## WHAT TO PRODUCE
The listing below must be returned in full and unchanged, without the images it carries.

## RECORDS SUPPLIED
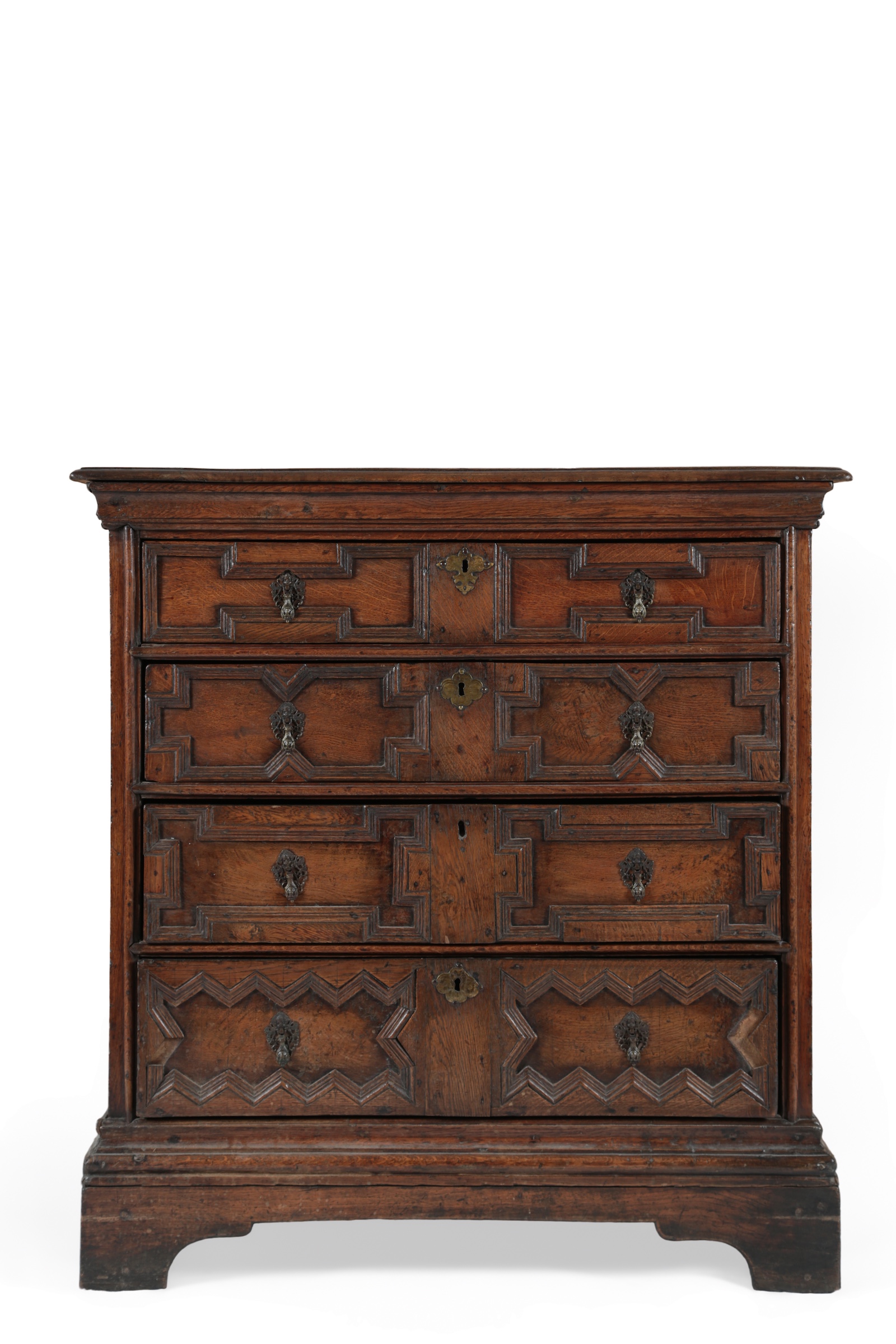 A Charles II geometric moulded oak chest of drawers
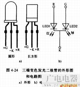图4-24是三端变色发光二极管的外形和电路图形符号
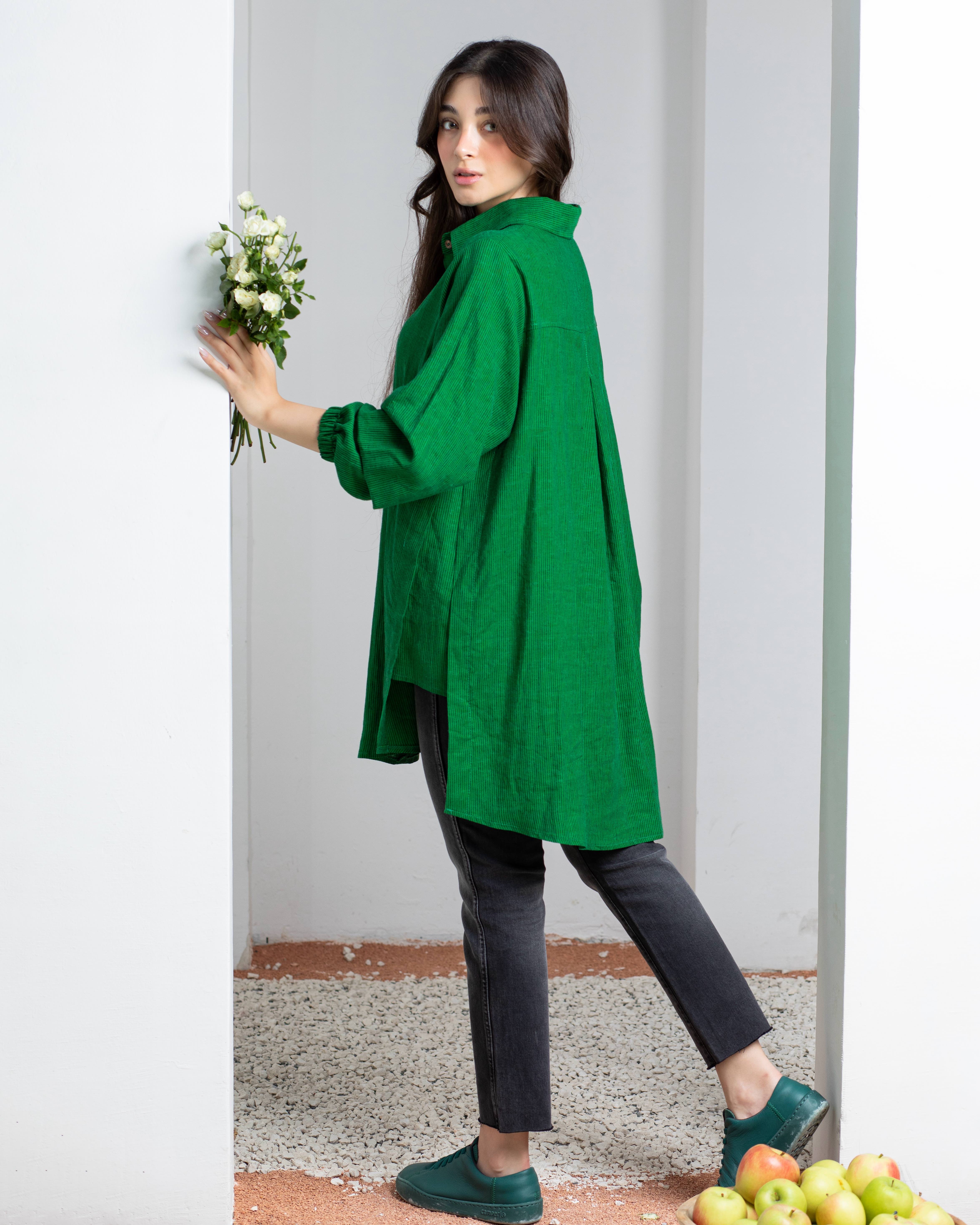 دستهبندی: شومیزجنس: لینن گرم بالا وارداتیقد: قسمت جلو ۷۸ سانتیمتر و قسمت پشت ۸۲ سانتیمترسایز: فری سایز با دورسینه ۱۱۲ سانتیمتر
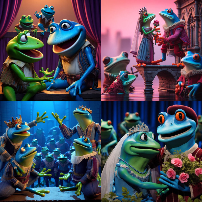 Frogs staging a production of Romeo and Juliet in the style of Bluey
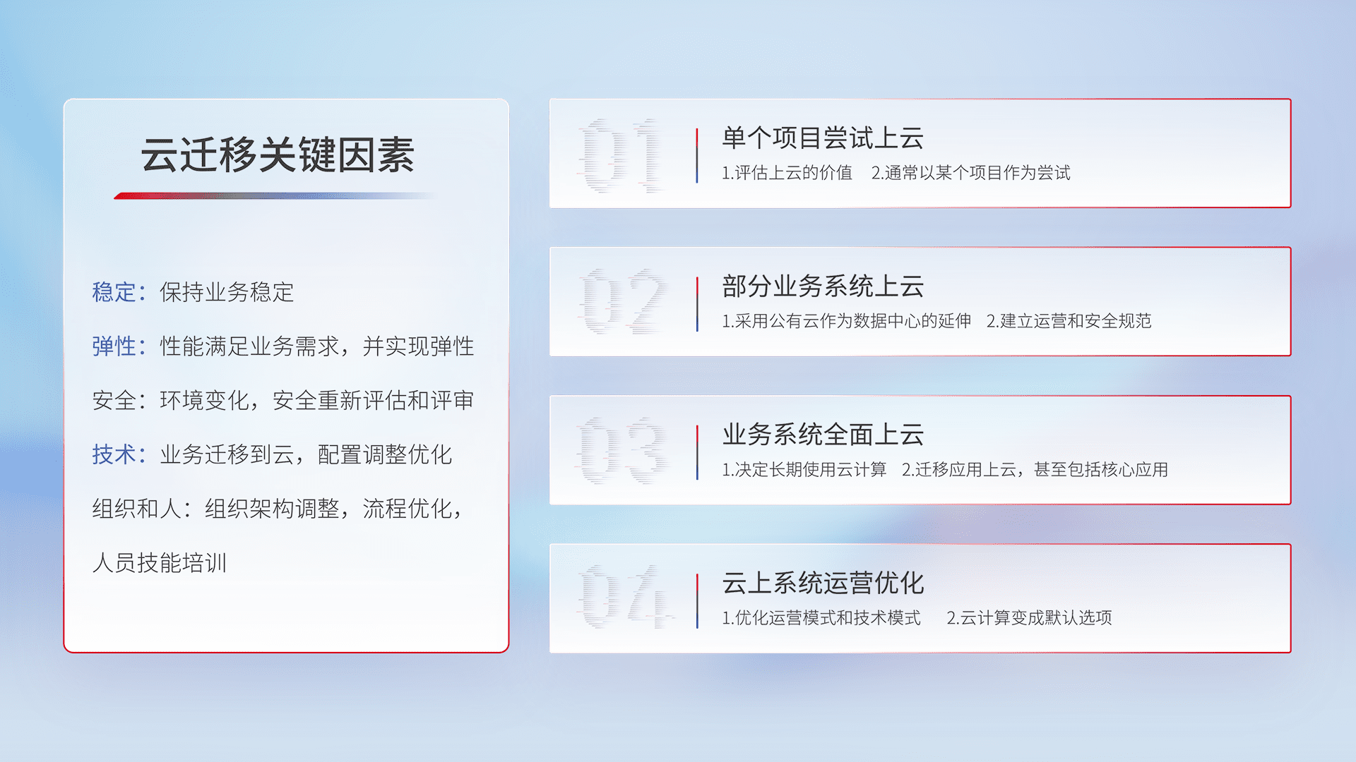 结合实际业务,,,,从规划设计、、、、云平台选型、、、云原生改造、、、数据迁移、、、集成交付,,迁移全过程为客户识别最佳上云路径,,做好风险识别管理,,设计网络架构、、、、身份权限、、、、安全审计合规、、、操作审计、、日志审计、、监控告警策略、、、多站点容灾设计等,,,,对云上基础设施进行整体规划,,,提升IT治理水平,,,以满足弹性、、、、高可用、、高性能的需求。。。
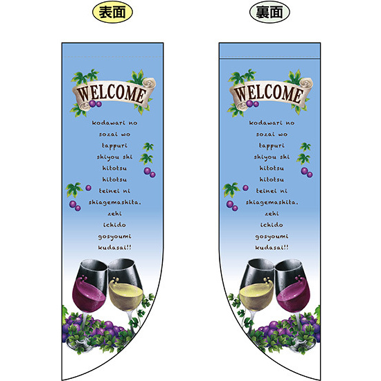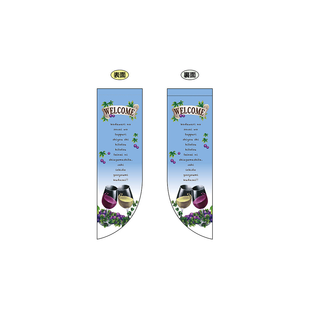 高さ850mmのロングタイプの高級遮光スエード素材に両面印刷した本格派販促フラッグ。表示内容「WELCOME」
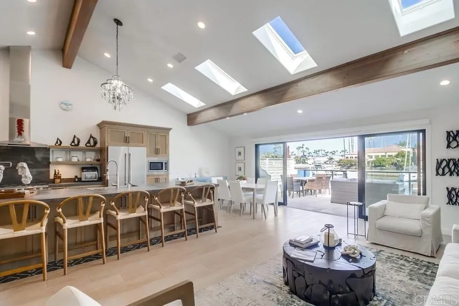 Experience unparalleled coastal luxury with this impeccably remodeled single-level home in the exclusive Coronado Cays. Boasting a bright, open-concept design, this Coastal Contemporary residence features four skylights in the great room, infusing the space with abundant natural light. The entertainer’s gourmet kitchen is a true showpiece, with a central island, Dekton countertops, and high-end KitchenAid appliances—including a wine fridge, refrigerator, 6-burner gas range, microwave, and dishwasher—creating an ideal setting for sophisticated gatherings. Inside, the thoughtfully designed layout offers refined touches throughout, including a private office, a luxurious master suite with an en-suite bath, and a versatile second bedroom. Beautiful chandeliers grace the kitchen and dining areas, adding elegance, while hardwood floors and premium finishes enhance the home’s timeless appeal. Cleverly concealed barn doors reveal both the office and a laundry area with a convenient sink. The master suite is a tranquil retreat, featuring dual vanities and a spa-inspired rain shower. The expansive patio deck offers the ultimate indoor-outdoor living experience, complete with a fire pit and sweeping waterfront views. This inviting space is perfect for relaxation or entertaining, capturing the essence of coastal living. Coveted 40-foot boat slip not included in purchase, but is available for purchasing, making this property an exceptional find for boating enthusiasts. The Coronado Cays community elevates the lifestyle with access to exclusive amenities, boat slips can become available, bay views, a clubhouse, swimming pools, tennis courts, and parks—all located directly across the highway from the Pacific Ocean. With a new roof, exterior siding, and stunning fixtures throughout, this home represents an impeccable opportunity for full-time or seasonal living in a prestigious coastal setting. Don’t miss this rare chance to own a piece of paradise with luxurious waterfront living at its finest.
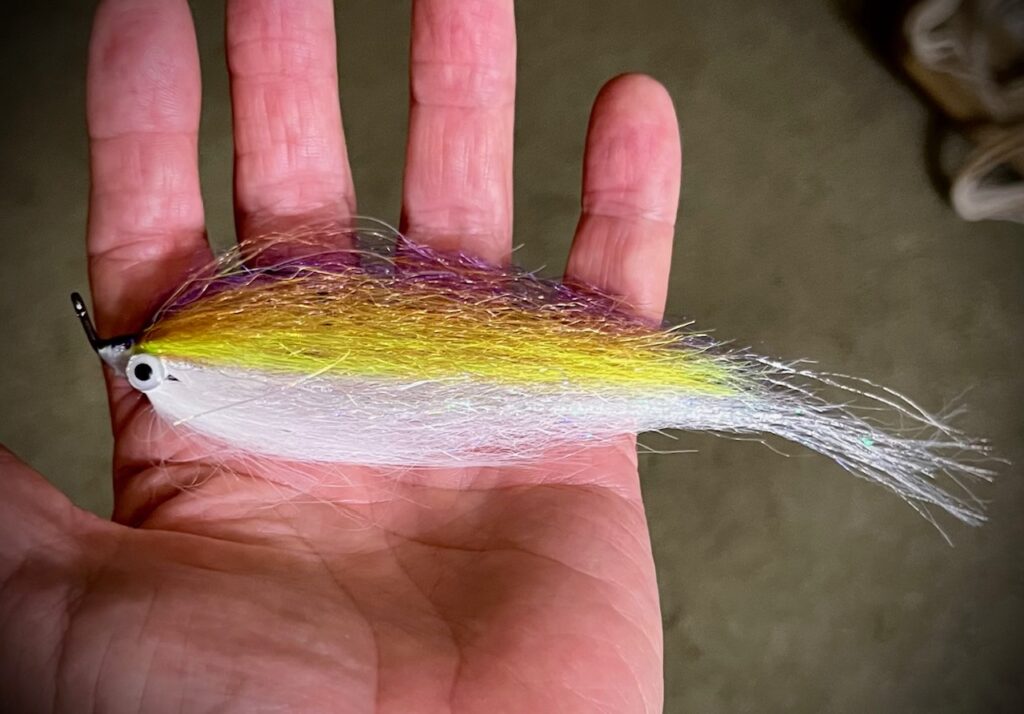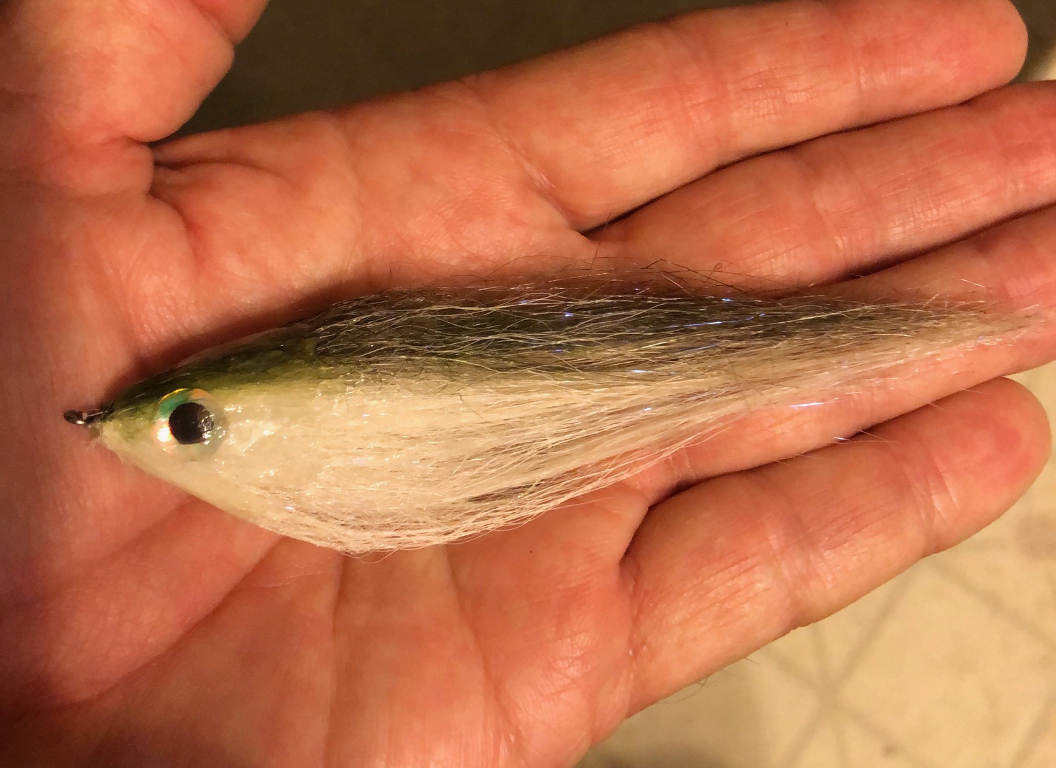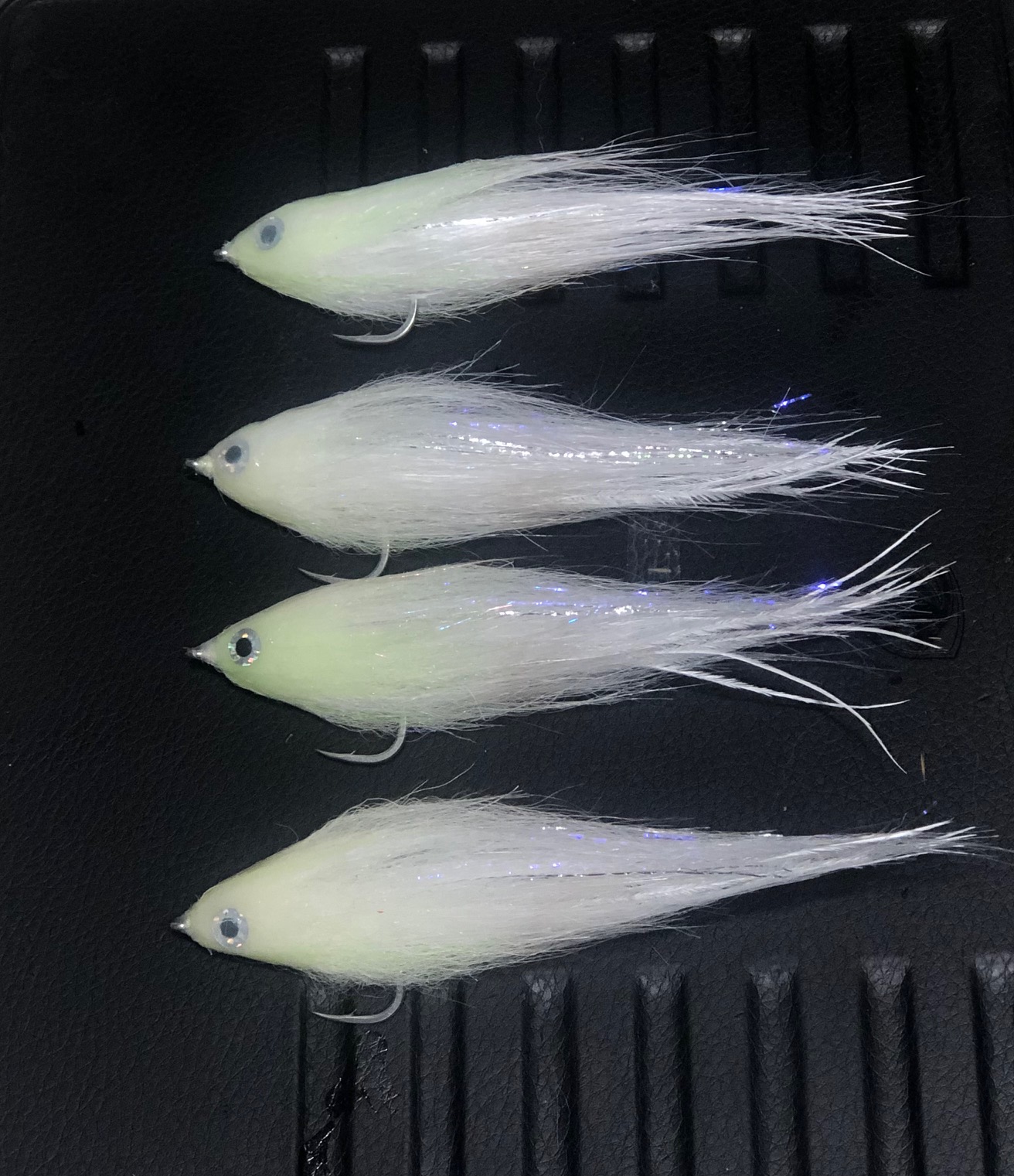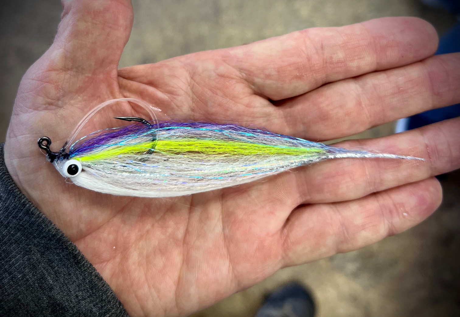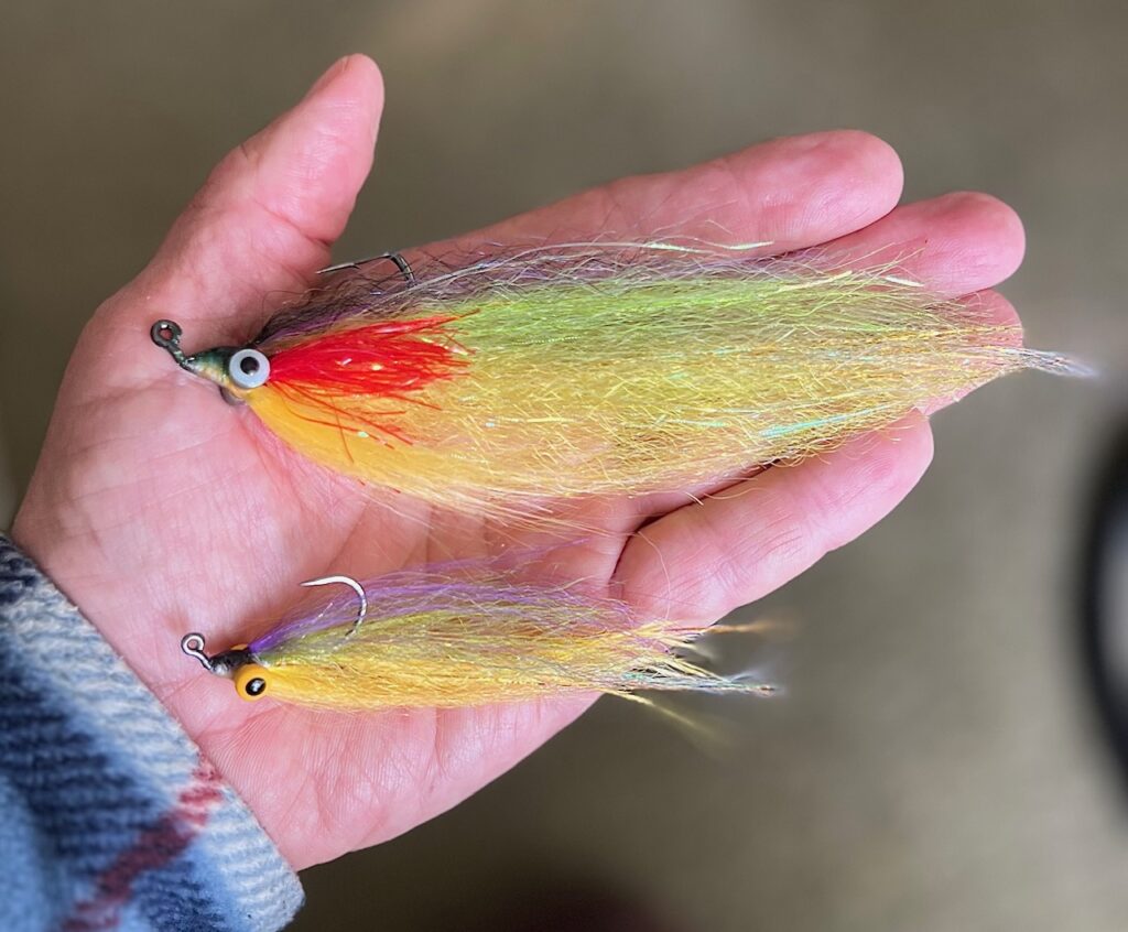 The usual clousers in olive and white and olive and yellow and many other baitfish patterns will produce for you just fine in sizes 2 to 2/0. Intermediate as well as fast sinking 24 to 30 foot integrated sink tips are the lines of choice. I like a six foot leader of fluorocarbon, 15 to 20 pound test.
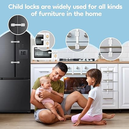 • ?【Premium Quality and Adjustable Length】Our multifunctional baby safety locks are made from super strong and robust ABS+TPE plastics, which is soft and tough, not easy to deform, and this materials contain no nasty chemicals that can affect your child’s health and development. baby lock are adjustable from 1.2" to 7" - secure almost any size appliance & furniture.

## ANSWER BOX
 A Charles II geometric moulded oak chest of drawers
图4-24是三端变色发光二极管的外形和电路图形符号
 دستهبندی: شومیزجنس: لینن گرم بالا وارداتیقد: قسمت جلو ۷۸ سانتیمتر و قسمت پشت ۸۲ سانتیمترسایز: فری سایز با دورسینه ۱۱۲ سانتیمتر
 Frogs staging a production of Romeo and Juliet in the style of Bluey
 结合实际业务,,,,从规划设计、、、、云平台选型、、、云原生改造、、、数据迁移、、、集成交付,,迁移全过程为客户识别最佳上云路径,,做好风险识别管理,,设计网络架构、、、、身份权限、、、、安全审计合规、、、操作审计、、日志审计、、监控告警策略、、、多站点容灾设计等,,,,对云上基础设施进行整体规划,,,提升IT治理水平,,,以满足弹性、、、、高可用、、高性能的需求。。。
 高さ850mmのロングタイプの高級遮光スエード素材に両面印刷した本格派販促フラッグ。表示内容「WELCOME」
 Experience unparalleled coastal luxury with this impeccably remodeled single-level home in the exclusive Coronado Cays. Boasting a bright, open-concept design, this Coastal Contemporary residence features four skylights in the great room, infusing the space with abundant natural light. The entertainer’s gourmet kitchen is a true showpiece, with a central island, Dekton countertops, and high-end KitchenAid appliances—including a wine fridge, refrigerator, 6-burner gas range, microwave, and dishwasher—creating an ideal setting for sophisticated gatherings. Inside, the thoughtfully designed layout offers refined touches throughout, including a private office, a luxurious master suite with an en-suite bath, and a versatile second bedroom. Beautiful chandeliers grace the kitchen and dining areas, adding elegance, while hardwood floors and premium finishes enhance the home’s timeless appeal. Cleverly concealed barn doors reveal both the office and a laundry area with a convenient sink. The master suite is a tranquil retreat, featuring dual vanities and a spa-inspired rain shower. The expansive patio deck offers the ultimate indoor-outdoor living experience, complete with a fire pit and sweeping waterfront views. This inviting space is perfect for relaxation or entertaining, capturing the essence of coastal living. Coveted 40-foot boat slip not included in purchase, but is available for purchasing, making this property an exceptional find for boating enthusiasts. The Coronado Cays community elevates the lifestyle with access to exclusive amenities, boat slips can become available, bay views, a clubhouse, swimming pools, tennis courts, and parks—all located directly across the highway from the Pacific Ocean. With a new roof, exterior siding, and stunning fixtures throughout, this home represents an impeccable opportunity for full-time or seasonal living in a prestigious coastal setting. Don’t miss this rare chance to own a piece of paradise with luxurious waterfront living at its finest.
 The usual clousers in olive and white and olive and yellow and many other baitfish patterns will produce for you just fine in sizes 2 to 2/0. Intermediate as well as fast sinking 24 to 30 foot integrated sink tips are the lines of choice. I like a six foot leader of fluorocarbon, 15 to 20 pound test.
 • ?【Premium Quality and Adjustable Length】Our multifunctional baby safety locks are made from super strong and robust ABS+TPE plastics, which is soft and tough, not easy to deform, and this materials contain no nasty chemicals that can affect your child’s health and development. baby lock are adjustable from 1.2" to 7" - secure almost any size appliance & furniture.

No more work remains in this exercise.